┌─ EXERCISE MATERIAL
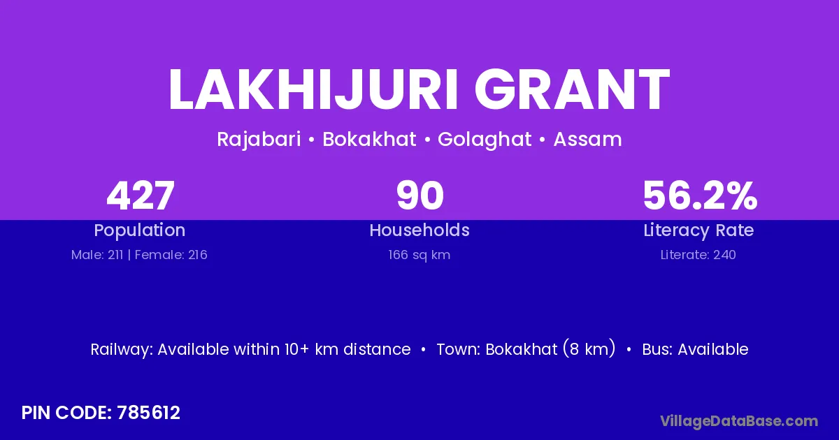 Bokakhat (8 km) is the nearest town to Lakhijuri Grant village for major economic activities and is located approximately 8 km away.
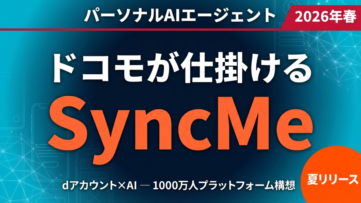 ドコモのSyncMe発表は、KDDI・ソフトバンク・楽天の対抗策を引き出すはずです。2026年後半は通信キャリア発のAIエージェントが相次いで発表される可能性があります。
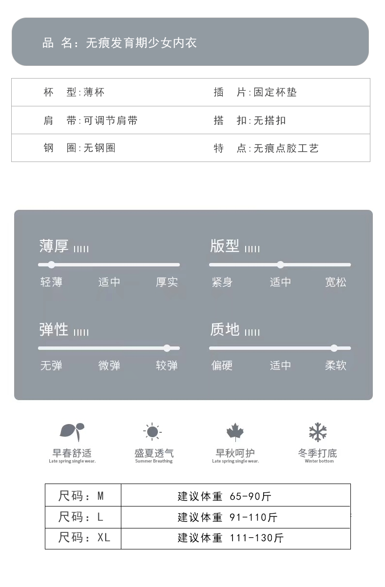 얼음 실크 디스펜싱 발달 속옷 원활한 고정 코스터 포장 가슴 중학교 여학생 브래지어 작은 조끼
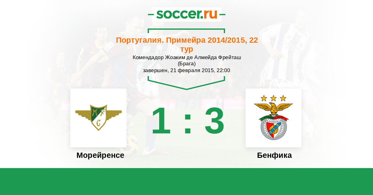 Португалия. Примейра 21.09.2014 Бенфика Логотип футбольный клуб Бенфика (Лиссабон) 3:1 Логотип футбольный клуб Морейренcе (Морейра-де-Конегуш) Морейренcе
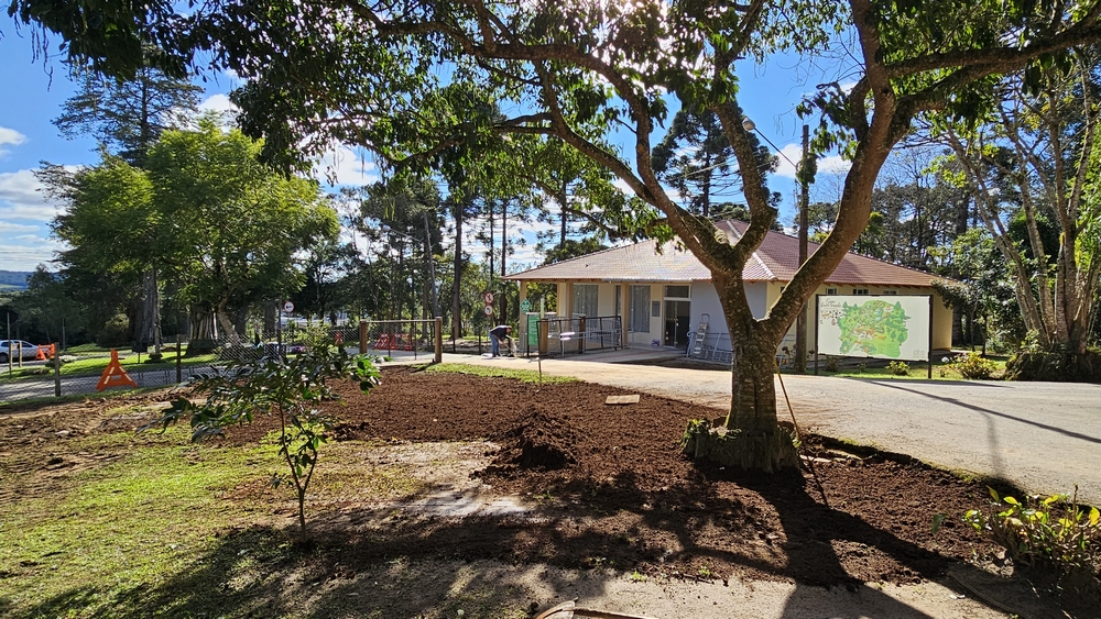 Como parte do processo de revitalização e valorização paisagÃstica do espaço, também está sendo executada a requalificação da área frontal do prédio principal do parque ecoturÃstico. No local onde antes havia arbustos secos e descaracterizados, está sendo construÃdo um novo canteiro com tijolos à vista, que receberá o plantio de flores. A iniciativa busca embelezar ainda mais o espaço e valorizar a estética daquela que é considerada por muitos como a prefeitura mais bonita do Brasil.
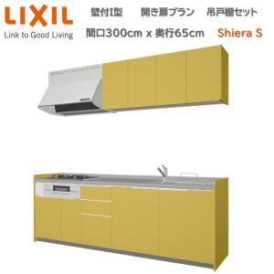 壁付I型 開き扉プラン 間口300cm奥行65cm グループ2扉色・高さ選択可能 ウォールユニット 食洗機無 システムキッチン リクシル シエラS W3000mm
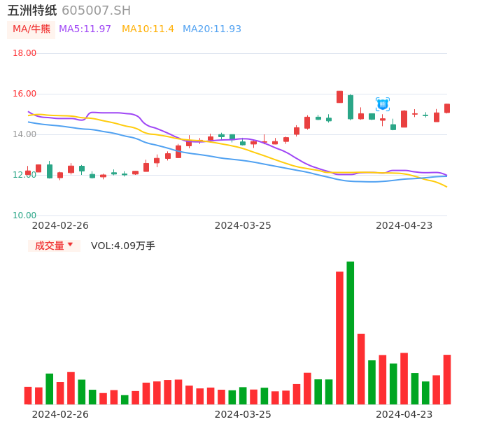 04月23日,五洲特纸收报15.49,股价涨幅2.86%,成交金额6257.51万元,换手率1.02%。
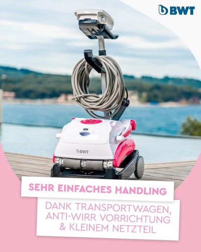 ŁATWY W UŻYCIU Dzięki aplikacji: Łatwe sterowanie programem czyszczenia robota odkurzającego za pomocą bezpłatnej aplikacji na smartfony za jednym naciśnięciem przycisku. 4D-FILTERTECHNOLOGIA: Der spezielle Filtereinsatz dieser Technologia gepaart mit zusätzlichen Vibrationen filtert jede Verunreinigung vom kleinen Sandkorn bis hin zum Laubblatt aus Ihrem Wasser. SMART NAVIGACJA: inteligentny system sterowania tego robota basenowego indywidualnie oblicza optymalną trasę dla każdego basenu - umożliwiając szybkie i skuteczne czyszczenie basenu. DOSKONAŁA WYDAJNOŚĆ SPIRACJI: dzięki regulowanym dyszom, które dostosowują się do rodzaju odkurzanego brudu, roboty ssące BWT przekonują swoją doskonałą wydajnością ssania. ŁATWA KONSERWACJA basenu : Niezależnie od tego, czy jest to basen ze stali nierdzewnej, betonu, płytek czy podszewki, robot basenowy D300 niezawodnie czyści dno, ściany i linie wody basenowe o długości do 12 m w ciągu 2,5 godziny.
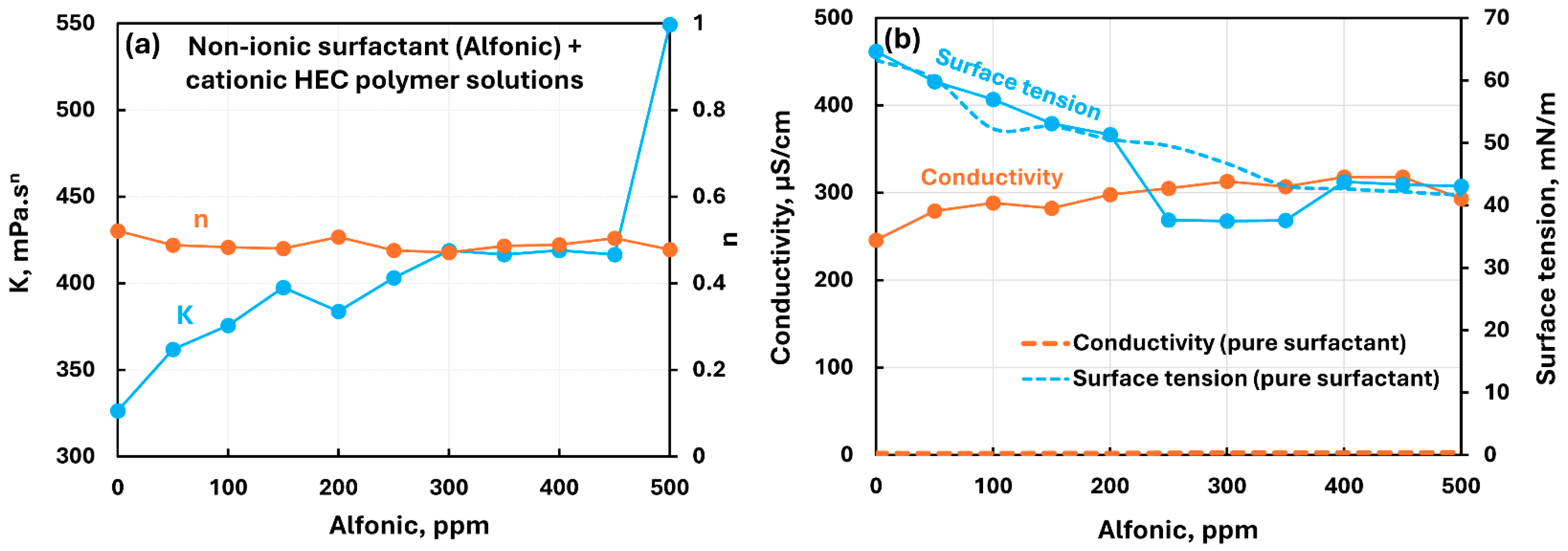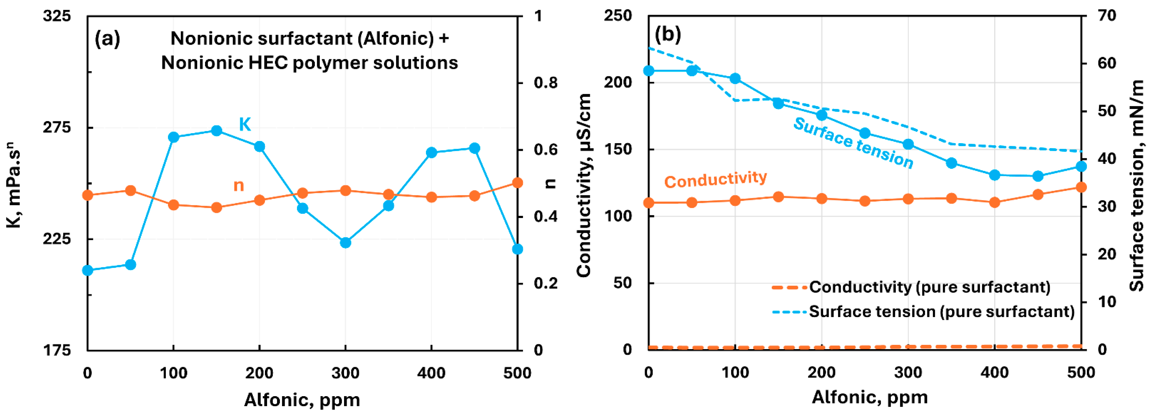 Nonionic hydroxyethyl cellulose (NHEC) | Nonionic (Alfonic) | S0 P0 | Mild hydrophobic interaction between surfactant and polymer; consistency fluctuates; solution surface tension lower than pure surfactant; surfactant–polymer complexes formed are more surface-active than pure surfactant. |
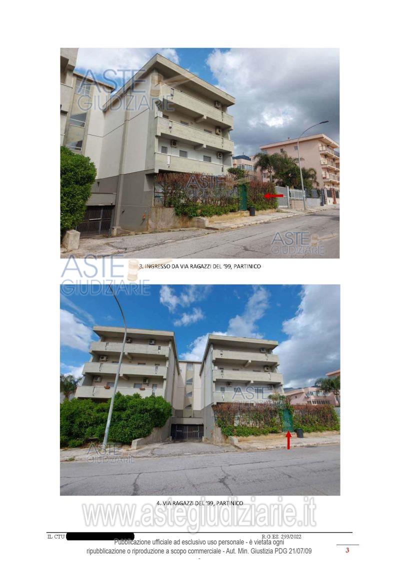 Vendita all'asta Senza incanto, con gara telematica sincrona mista - LOTTO UNICO: piena proprietà di un appartamento per civile abitazione, sito a Partinico (PA) in Via Sandro Pertini n. 10, piano terra, scala A, interno 2, identificato al N.C.E.U. del Comune di Partinico al foglio 40, particella 3368, subalterno 10, categoria A/2 e del posto auto in garage sito a Partinico con accesso da Via da denominare oggi via Ragazzi del ’99, piano interrato S1, scala A, identificato al N.C.E.U. del Comune di Partinico nel foglio 40, particella 3368, subalterno 32, categoria C/6, . Prezzo base € 22.561,74 (offerta minima € 16.921,31). Data vendita 06/02/2026 ore 11:00. Professionista delegato alla vendita Avv. Giovanni Rizzo - Email "giovanni_rizzo@hotmail.it"; Tel. 0917910068. Custode Giudiziario Avv. Giovanni Rizzo - Email "giovanni_rizzo@hotmail.it"; Tel. 0917910068. Rif. Tribunale di Palermo - Esecuzione immobiliare post legge 80 n. 293/2022
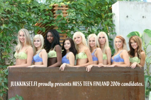 Suomen misseistä otetut kuvat on lähes aina tosi surkean näköisiä verrattuna esim. netissä pyöriviin kuviin Etelä-Amerikan misseistä. Jotenkin näyttää just siltä, että kuvat on otettu vasemmalla kädellä kiireessä. Eihän se kuvauskohde sinänsä hyvällä kuvauksella kaunistu, mutta onhan se ihan eriasia verrata hyvin kuvattua+photoshopattua kuvaa venezuelalaisesta missistä ku ohimennen napattua käsittelemätöntä kuvaa suomalaisesta missistä.
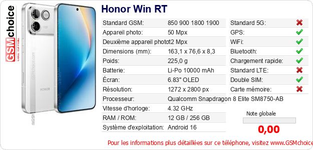 Publier les caractéristiques de ce mobile Honor Win RT sur votre site
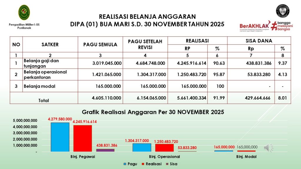 | 10 | REALISASI ANGGARAN PER 30 NOVEMBER 2025 | DIPA (01) DIPA (05) | REALISASI DIPA (01) REALISASI DIPA (05) |
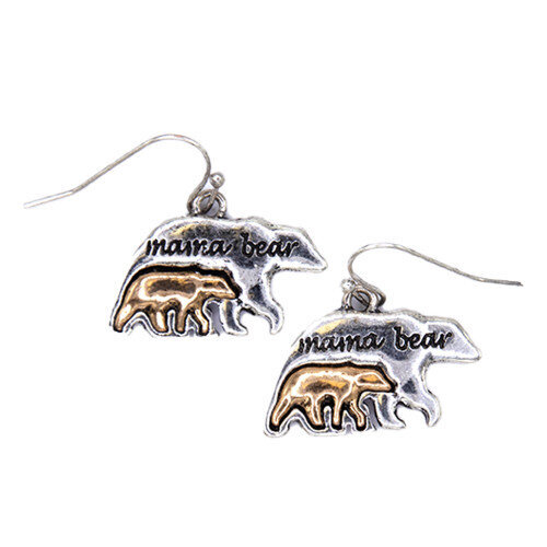 Korvakorut, jossa kaunis hopean värinen karhuemo kullan värisen poikasensa kanssa, teksti Mama Bear.
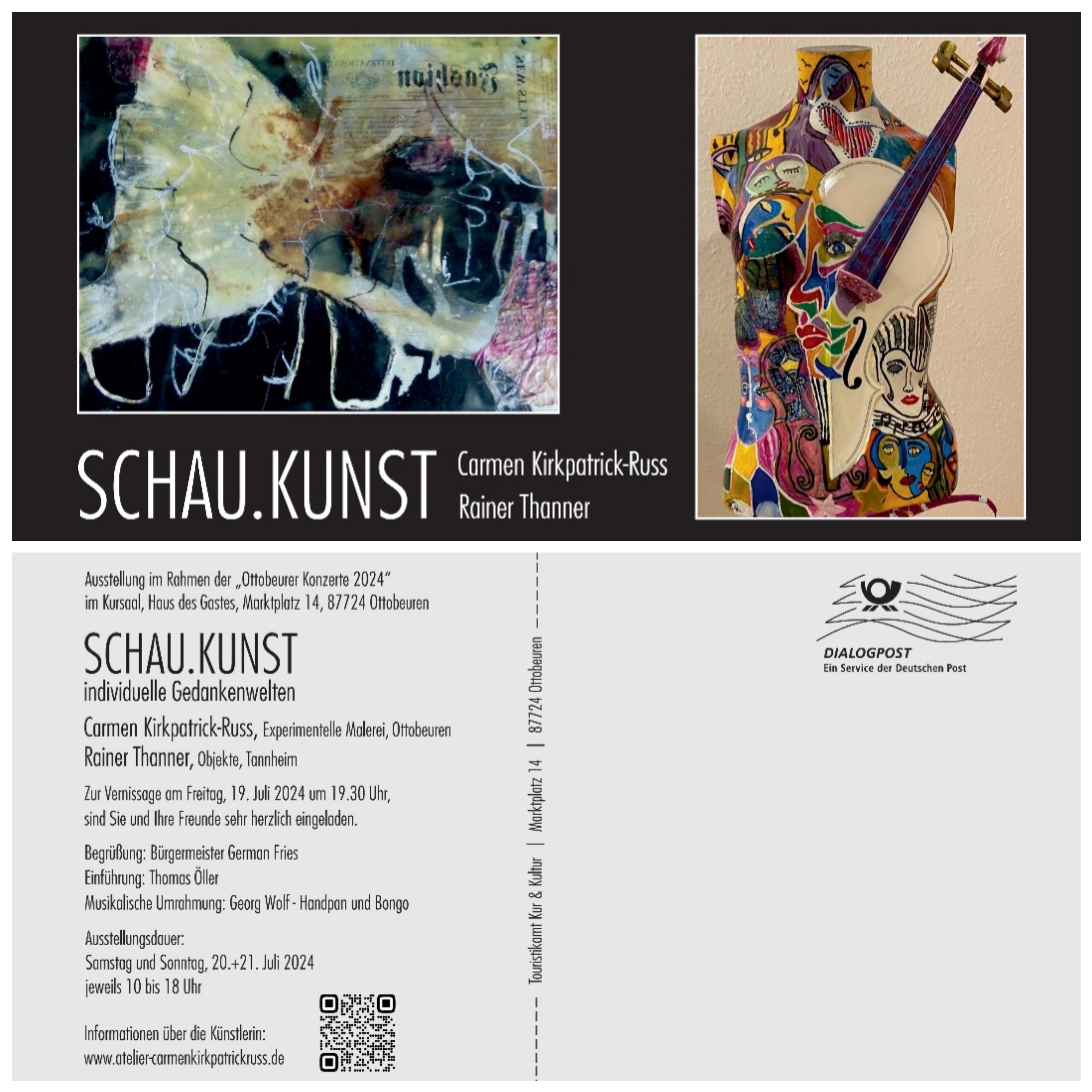 im Refektorium des Hohen Schlosses, Einlass ab 18 Uhr. Bernhard Kerler, Bürgermeister von Bad Grönenbach, spricht zur Begrüßung. Die Laudatio hält Margareta Böckh, Zweite Bürgermeisterin von Memmingen. Die Sängerin Alexandra Jörg unterhält musikalisch.
└─
WORK INSTRUCTION
For this exercise, set down the lines in the entries above from the one with "Suomen misseistä otetut" through the one with "REALISASI DIPA (05) |" exactly as written, without any pictures.

SOLUTION BELOW
 Suomen misseistä otetut kuvat on lähes aina tosi surkean näköisiä verrattuna esim. netissä pyöriviin kuviin Etelä-Amerikan misseistä. Jotenkin näyttää just siltä, että kuvat on otettu vasemmalla kädellä kiireessä. Eihän se kuvauskohde sinänsä hyvällä kuvauksella kaunistu, mutta onhan se ihan eriasia verrata hyvin kuvattua+photoshopattua kuvaa venezuelalaisesta missistä ku ohimennen napattua käsittelemätöntä kuvaa suomalaisesta missistä.
 Publier les caractéristiques de ce mobile Honor Win RT sur votre site
 | 10 | REALISASI ANGGARAN PER 30 NOVEMBER 2025 | DIPA (01) DIPA (05) | REALISASI DIPA (01) REALISASI DIPA (05) |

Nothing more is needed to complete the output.